Some recent decisions of the All-India Council for Technical Education (AICTE) in regard to engineering courses in Maharashtra make it clear that it is as easy to bring pressure on so-called all-India bodies as on state ones. Further, any set of rules can be readily subverted to suit the interests of those who matter and officials of bodies like the AICTE and universities and colleges who are responsible for maintaining standards in higher education willingly default on their responsibilities to accommodate the powerful and the influential.

The All-India Council for Technical Education (AICTE), a supervisory body of the central government, was formed about 15 years back supposedly to ensure proper standards of imparting technical education in the country. Such a supervisory body was considered essential because there exist many locally strong political and social pulls and pressures on universities and colleges which frequently work against the standards of higher technical education.
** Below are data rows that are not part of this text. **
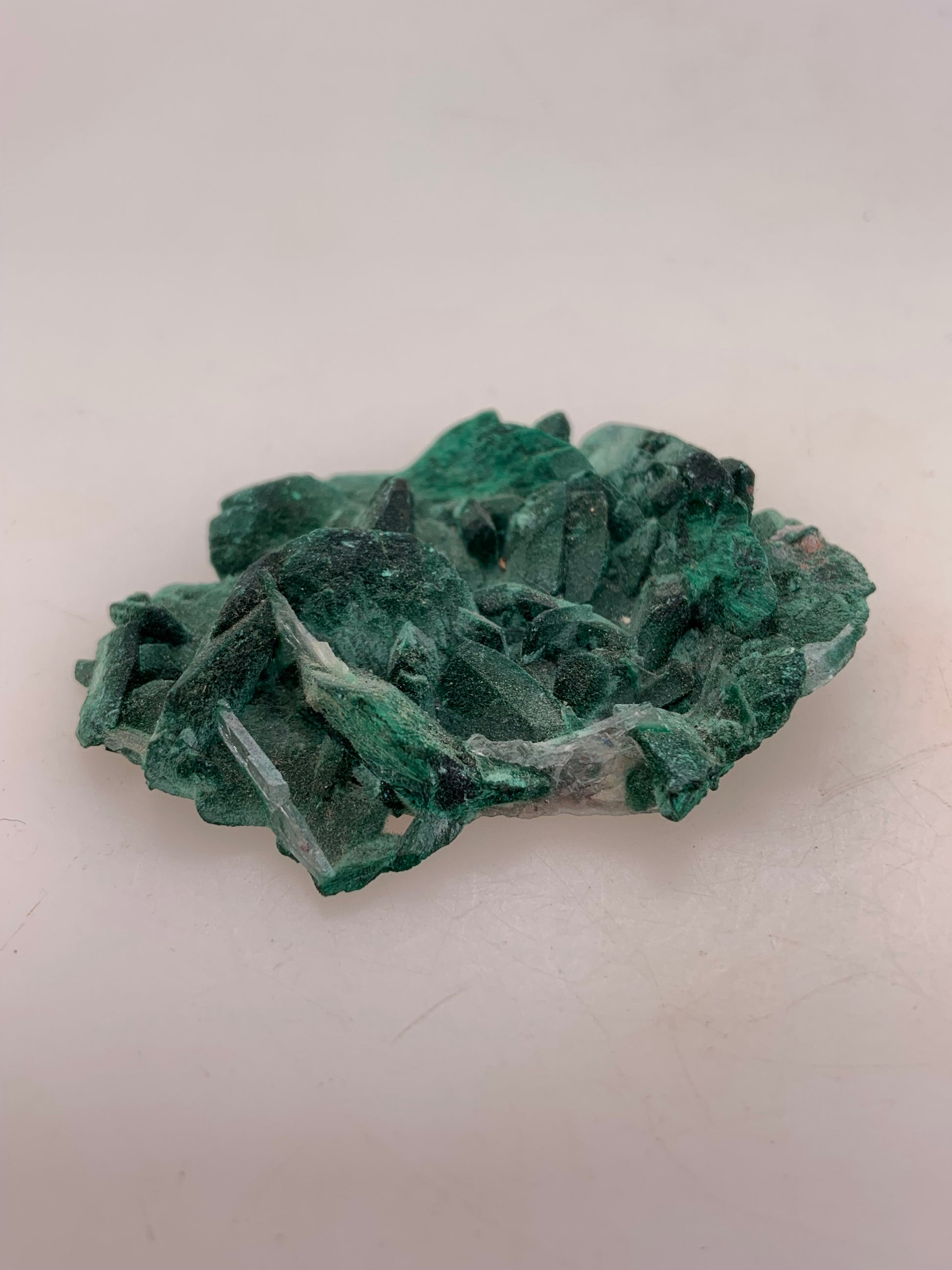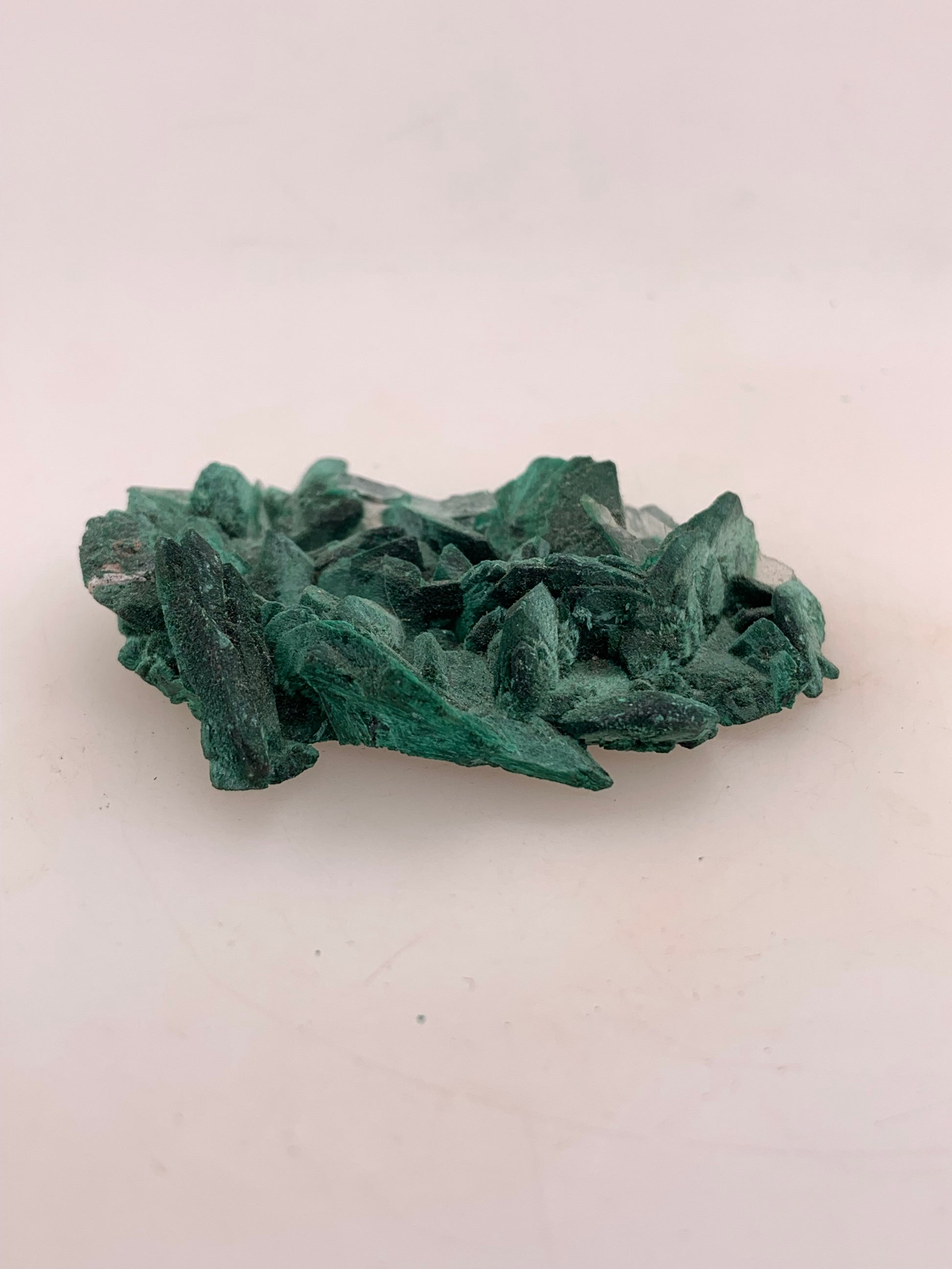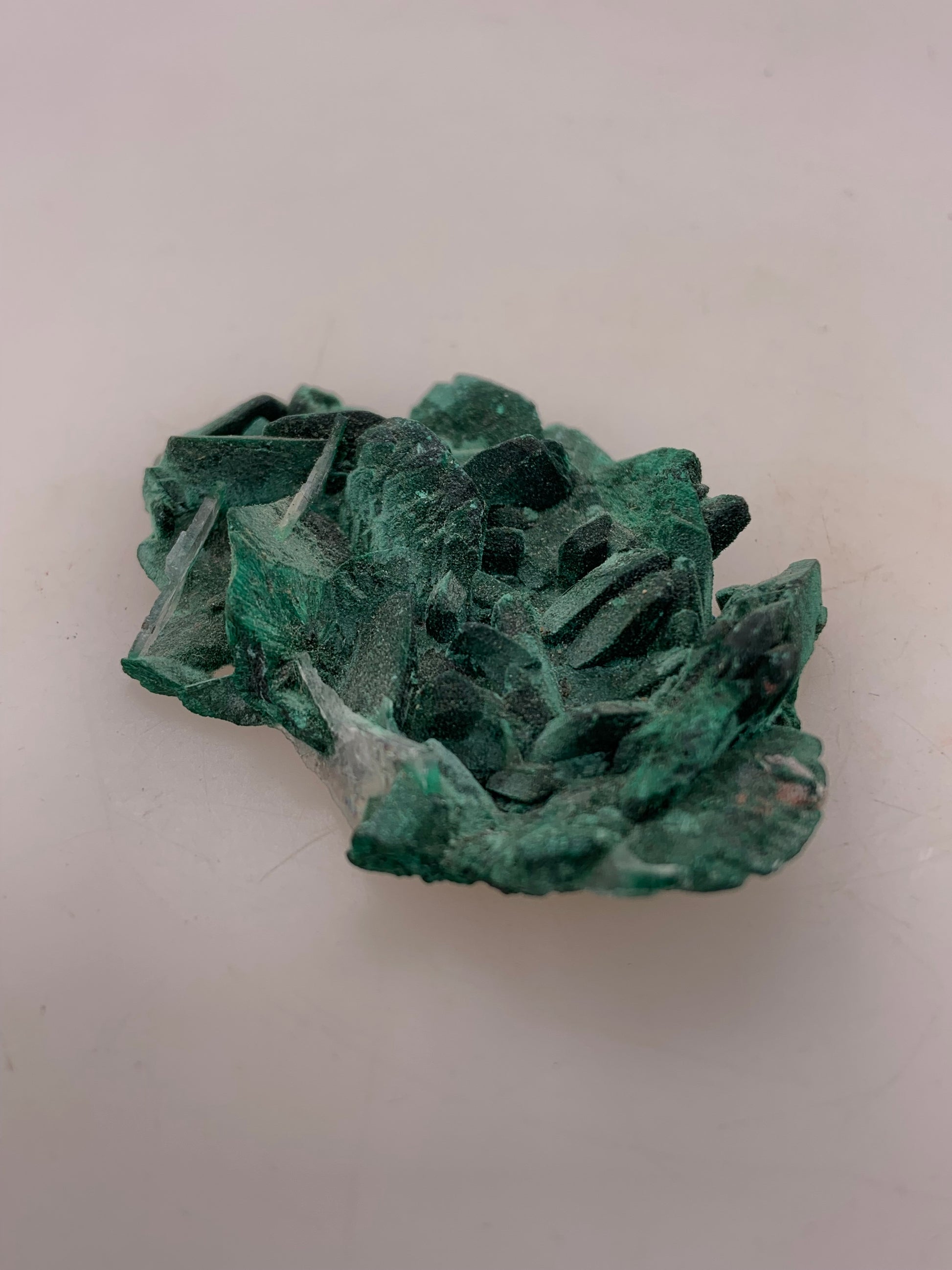 Crystal System: While Malachite crystallises in the monoclinic system, in pseudomorphs after Azurite, it adopts the original crystal structure of the Azurite, also monoclinic.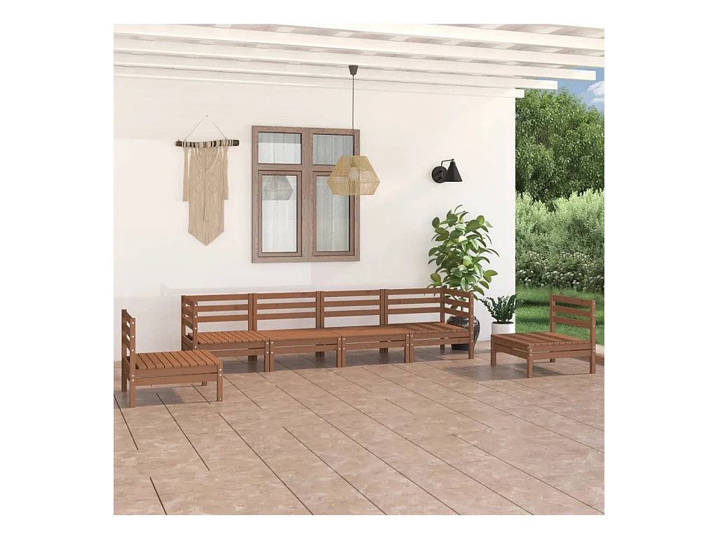 Salon de jardin 6 pcs Marron miel Bois de pin massif BE98038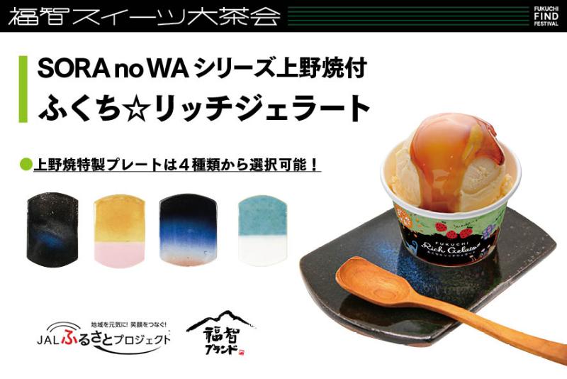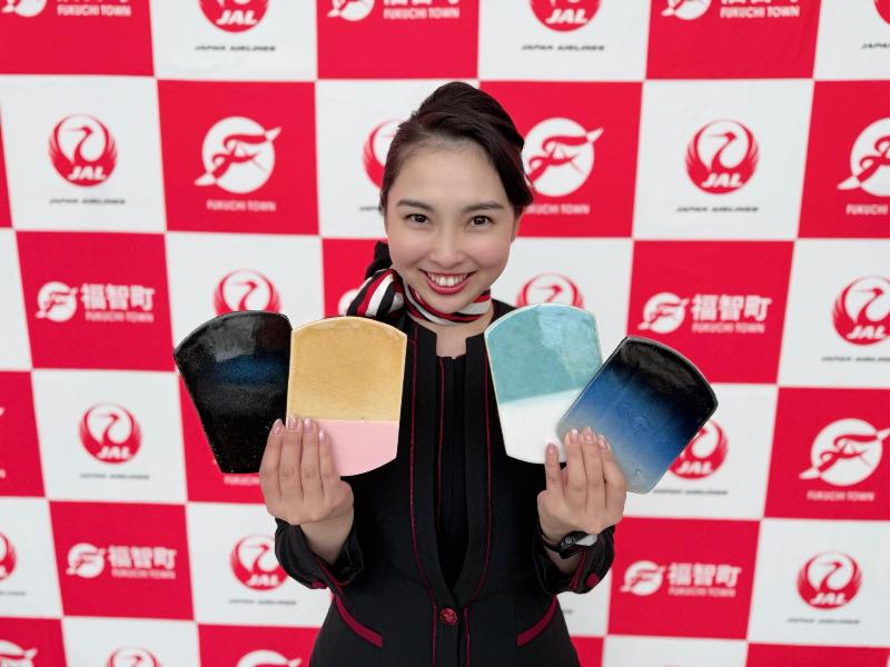 日本航空の客室乗務員である「JALふるさとアンバサダー」が「飛行機の窓からの景色」をテーマにデザインした上野焼の特製プレートと福智町の特産品「ふくち☆リッチジェラート」をセットで販売。

It was thought that an all-India body would also keep in line the numerous education shops that have sprung up in many states such as Maharashtra, Karnataka and others. In these states, locally powerful politicians have discovered a very lucrative, totally risk-free, low-investment, high-return, money-making avenue in the guise of engineering colleges. By retaining effective control over admissions to these institutes and taking full advantage of the loopholes in the various reservation rules and the system of quotas, an alert and resourceful college management could and did make money hand over fist in every admission season.

In the current academic year, already half over, the entire admissions procedure for the FY engineering class in Maharashtra was repeatedly thrown out of gear because of changes and modifications in the rules even after the admissions were almost complete. The last postponement was caused by the action of the AICTE itself when, violating its own guidelines, it allowed two new institutes in the state to take in fresh students even after admissions were completed and the new term was already launched. As it happens, these two institutes are run by two politicians currently in power in the state. The teaching for the first term thus began almost about the time when the first term should have concluded. The first term, normally of 16 weeks, has therefore been extended till January 15, 2001. But even this extension will not make up for all the lost weeks and would only partly cover the loss of teaching to the new students. Neither the academic authorities nor the educational barons who control the engineering colleges in Maharashtra were perturbed in any way at this loss to the students and to education.